Frank
Posted: Tue Nov 15, 2011 6:10 pm
I thought I'd post this poem, which won Second Prize in the Open category at the Toolangi CJ Dennis Poetry Competition last weekend.
Frank
© Stephen Whiteside 23.03.2011
The apple of his parents’ eyes, he headed off to War.
He felt obliged to do his bit to even up the score.
A married man, he could have stayed. There was no expectation,
Yet still he felt he must perform his duty for the nation.
His parents lived in Hawthorn, and they lived the city life.
(Garry was the husband, and Roberta was his wife.)
They kept a sweet weekender, though, to top them up with gas,
A place they christened ‘Sunnyside’ in southern Sassafras.

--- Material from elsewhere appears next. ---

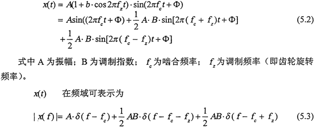 若xc(t)=A·sin(2πfet+φ)為嚙合振動載波信號,a(x)=1+b·cosπfzt為齒輪軸的旋轉調制信號,則調幅后的振動信號
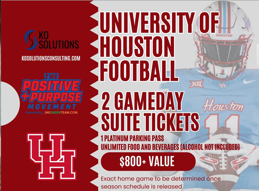 Two suite tickets to a University of Houston Football game, including one (1) platinum parking pass and unlimited food and non-alcoholic beverages. The game will be determined once the UH Football season schedule is released.

Working for the Tramways, Garry had a host of chances
To place his hands on tramcars now retired from their dances.
He towed them to his paddocks where they settled in the loam,
And artists came, and loved them as a home away from home.

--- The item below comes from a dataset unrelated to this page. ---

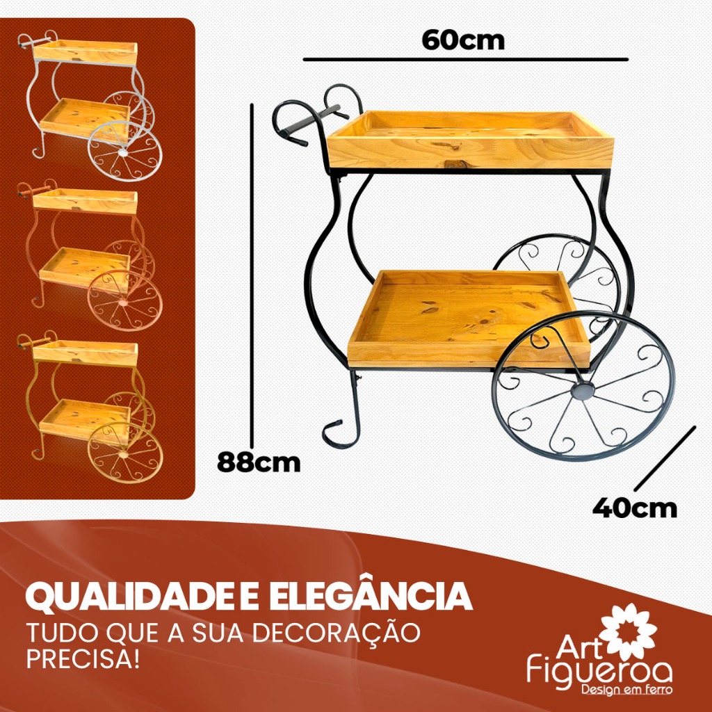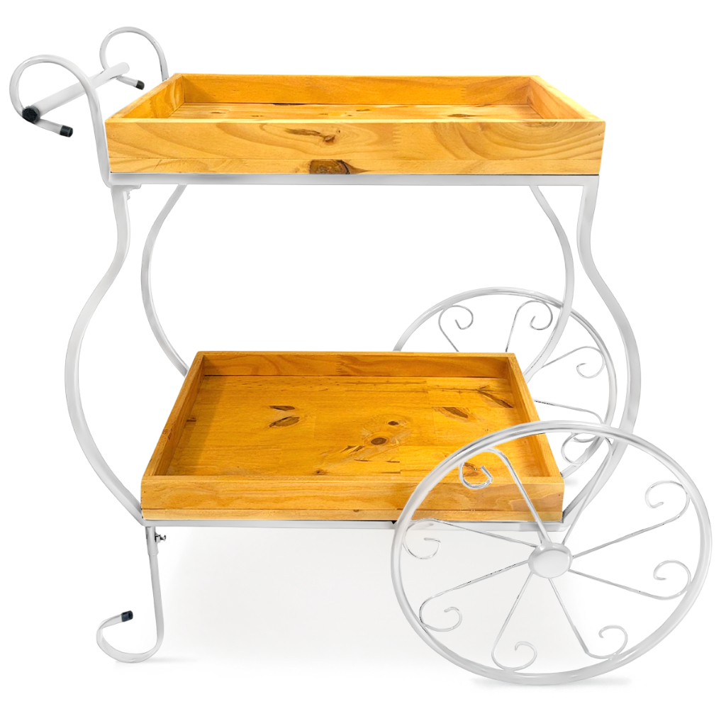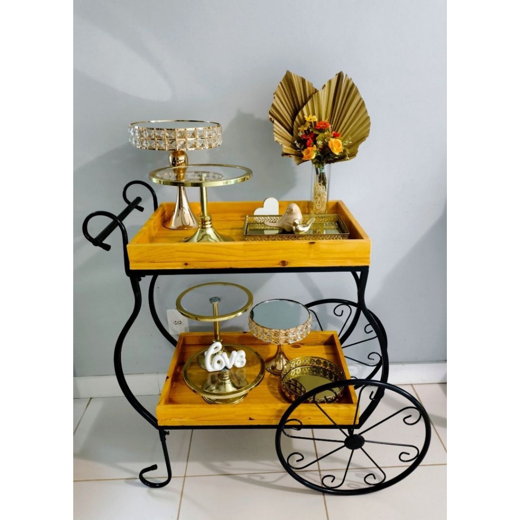 Carrinho de Chá Elegante Com Borda Artesanal Madeira e Ferro p/ Decoração Buffet Festas e Casamentos

Frank took an office possy, but his heart just wasn’t in it.
It seemed to last an hour when it had only been a minute.
He chucked away his suit and tie. He headed for the hills,
And found, just like his parents, that it chased away his ills.
He took himself a berry farm. He found himself a bride,
And there they lived together down the road from ‘Sunnyside’.
The life was quite demanding. Almost every second night
He must take the fruit to market, and be there at morning light.
A writer name of Dennis in a tramcar took up camp.
Good comradeship and cheer relieved Toolangi’s cold and damp.
Although a decade older, he became good friends with Frank,
A happy circumstance that we have reason now to thank,
For Dennis wrote a novel - wrote a novel all in rhyme
About a chap named ‘Bill’ whose early life was steeped in crime,
But he took the ‘straight and narrow’ and became a real charmer
When he married, and became, like Frank, an honest berry farmer.
So Bill was Frank, or Frank was Bill - in part, at least, that’s true.
Then Frank went off to join the War, and vanished in the blue -
Killed at Mont St. Quentin in that desp’rate, deadly game.
For Garry and Roberta life could never be the same.
Gone now was the gaiety and joy of ‘Sunnyside’,
Replaced, instead, by misery, and sorrow’s sobbing tide;
Gone now Den’s bright banjo, gone the poetry and song.
Just stood two silent, aching hearts, where once a noisy throng.
Success arrived for Dennis, fame and fortune, adulation,
And through his words he fast became a hero of the nation.
If ever, though, you read the ‘Bloke’, leave something in your tank
For Garry and Roberta, and their dear beloved Frank.
Frank
© Stephen Whiteside 23.03.2011
The apple of his parents’ eyes, he headed off to War.
He felt obliged to do his bit to even up the score.
A married man, he could have stayed. There was no expectation,
Yet still he felt he must perform his duty for the nation.
His parents lived in Hawthorn, and they lived the city life.
(Garry was the husband, and Roberta was his wife.)
They kept a sweet weekender, though, to top them up with gas,
A place they christened ‘Sunnyside’ in southern Sassafras.
Working for the Tramways, Garry had a host of chances
To place his hands on tramcars now retired from their dances.
He towed them to his paddocks where they settled in the loam,
And artists came, and loved them as a home away from home.
Frank took an office possy, but his heart just wasn’t in it.
It seemed to last an hour when it had only been a minute.
He chucked away his suit and tie. He headed for the hills,
And found, just like his parents, that it chased away his ills.
He took himself a berry farm. He found himself a bride,
And there they lived together down the road from ‘Sunnyside’.
The life was quite demanding. Almost every second night
He must take the fruit to market, and be there at morning light.
A writer name of Dennis in a tramcar took up camp.
Good comradeship and cheer relieved Toolangi’s cold and damp.
Although a decade older, he became good friends with Frank,
A happy circumstance that we have reason now to thank,
For Dennis wrote a novel - wrote a novel all in rhyme
About a chap named ‘Bill’ whose early life was steeped in crime,
But he took the ‘straight and narrow’ and became a real charmer
When he married, and became, like Frank, an honest berry farmer.
So Bill was Frank, or Frank was Bill - in part, at least, that’s true.
Then Frank went off to join the War, and vanished in the blue -
Killed at Mont St. Quentin in that desp’rate, deadly game.
For Garry and Roberta life could never be the same.
Gone now was the gaiety and joy of ‘Sunnyside’,
Replaced, instead, by misery, and sorrow’s sobbing tide;
Gone now Den’s bright banjo, gone the poetry and song.
Just stood two silent, aching hearts, where once a noisy throng.
Success arrived for Dennis, fame and fortune, adulation,
And through his words he fast became a hero of the nation.
If ever, though, you read the ‘Bloke’, leave something in your tank
For Garry and Roberta, and their dear beloved Frank.